ANCHORAGE, Alaska (KTUU) – The United States is an Arctic nation because of Alaska, and Thursday the Symposium Encounter with the Arctic began at the Dena’ina Civic and Convention Center. At the event, Alaska Governor Mike Dunleavy hosted ambassadors from other Arctic nations
“Our common interests include transportation, resource development including minerals, oil and gas, fisheries, climate change and national defense,” Dunleavy said.
The purpose of the symposium is for the United States and other Arctic nations to confront their common concerns and interests. One of Thursday’s themes that hit here in Alaska was workforce development.
In a session with national, state and industry leaders, University of Alaska President Pat Pitney said the labor force in Alaska has fallen by about 30,000 people in recent years and that with the infrastructure bill, the state was going to need about 10,000 more people. workers in the years to come. Pitney said one of the main issues is that young people in Alaska aren’t seeking post-secondary education in college or business programs.

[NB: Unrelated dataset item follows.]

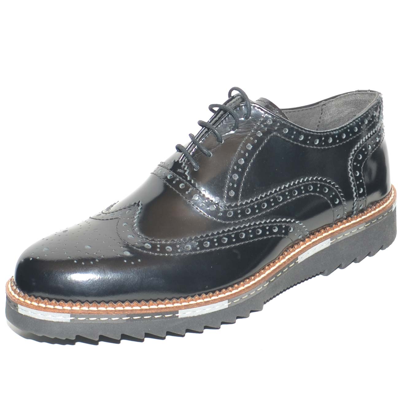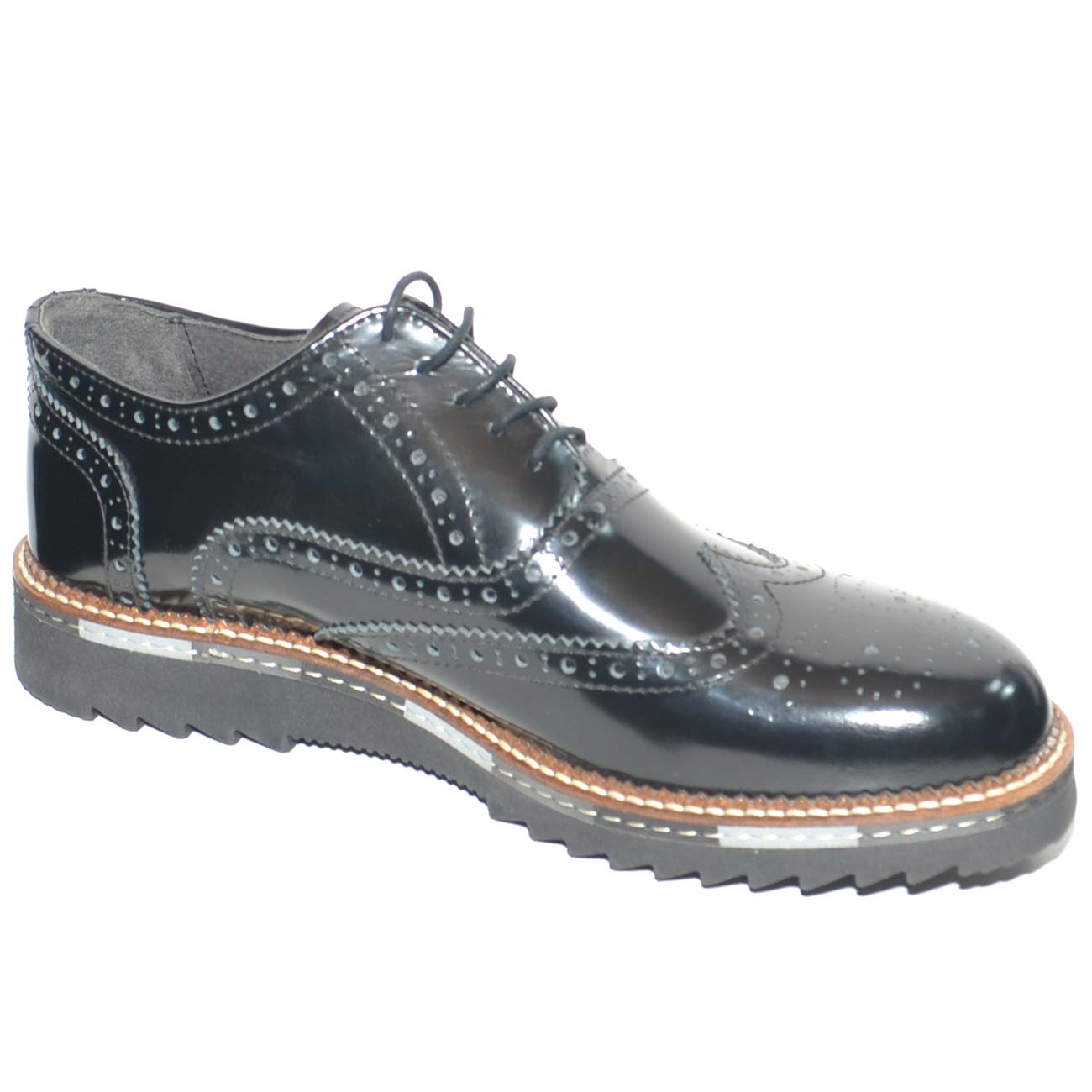 scarpe uomo francesina vera pelle nero abrasivato fondo nero intersuola cuoio classico sportivo businessman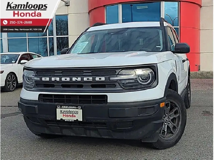 Pre-Owned 2024 Ford Bronco Sport Big Bend - Heated Front Seats | Backup Camera | Smart Device Integration | Cloth Interior This pre-owned 2024 Ford Bronco Sport Big Bend delivers rugged capability with everyday comfort, powered by a 1.5L Turbocharged Ecoboost engine, an 8-speed automatic transmission, and a 4x4 drive system. The cloth interior features heated front seats and smart device integration with Bluetooth connectivity. Safety provides peace of mind with a backup camera, collision mitigation, blind spot monitoring, and more! Every pre-owned vehicle in our inventory undergoes a thorough multi-point inspection, providing you with a detailed Carfax vehicle history report, ensuring you drive away with total confidence and peace of mind. With over 25 years of dedicated service to the greater Kamloops area, we take pride in offering our valued and diverse customers the finest selection of new and pre-owned Honda and non-Honda vehicles in Kamloops! Our committed Honda team members and Honda Certified technicians are here to make your shopping experience enjoyable, effortless, and rewarding. Whether you need a new Honda vehicle, parts or service for your current vehicle, Kamloops Honda is here to assist you with any of your automotive needs. Call or visit us at 1308 Josep Way, Kamloops, BC, to book or take a test drive today! *Doc Fee $695*

“Across our state, we have the lowest college attendance, but we have the lowest post-secondary attendance, and that also means trades and the military,” Pitney said.
Marilyn Romano, regional vice president of Alaska Airlines, added that today’s workforce is aging and young people are not looking to pursue careers in these fields. Alaska Airlines is currently facing a shortage of pilots and mechanics. During the session, the group said the goal was to create ways, especially for Indigenous communities, to pursue higher education and get children interested in post-secondary education from an early age.
“I know the senator (Murkowski) was a great champion of the ANSEP program. I think we have tremendous potential in STEM and inspiring young people in Alaska,” said Steve Wackowski, state director in the office of U.S. Senator Lisa Murkowski. “It’s an incredible model where they take students at the college level and track them and then try to place them in STEM-related jobs.”
Climate change was also an important topic on the first day of the event. Heather McFarlandfrom the University of Alaska Fairbanks and head of communications at the International Arctic Research Center, said his group studies the changing Arctic climate.
They use and share this research to make a difference for the people of Alaska and the Arctic. She also attends the symposium to collaborate with other people and groups working in the Arctic, and perhaps partner with them in the future. McFarland said the Arctic is experiencing warmer temperatures, which impacts the surrounding environment.
“The Arctic is changing very rapidly,” McFarland said. “We are seeing warmer temperatures which have a huge impact on the whole environment and so that has an impact on people, it has an impact on industry, it has an impact on governments. So we need to work together to figure out what to do about it.
The symposium is scheduled to continue Friday, beginning at 9 a.m. US Senators Joe Manchin and Lisa Murkowski are scheduled to speak on energy and Arctic policy.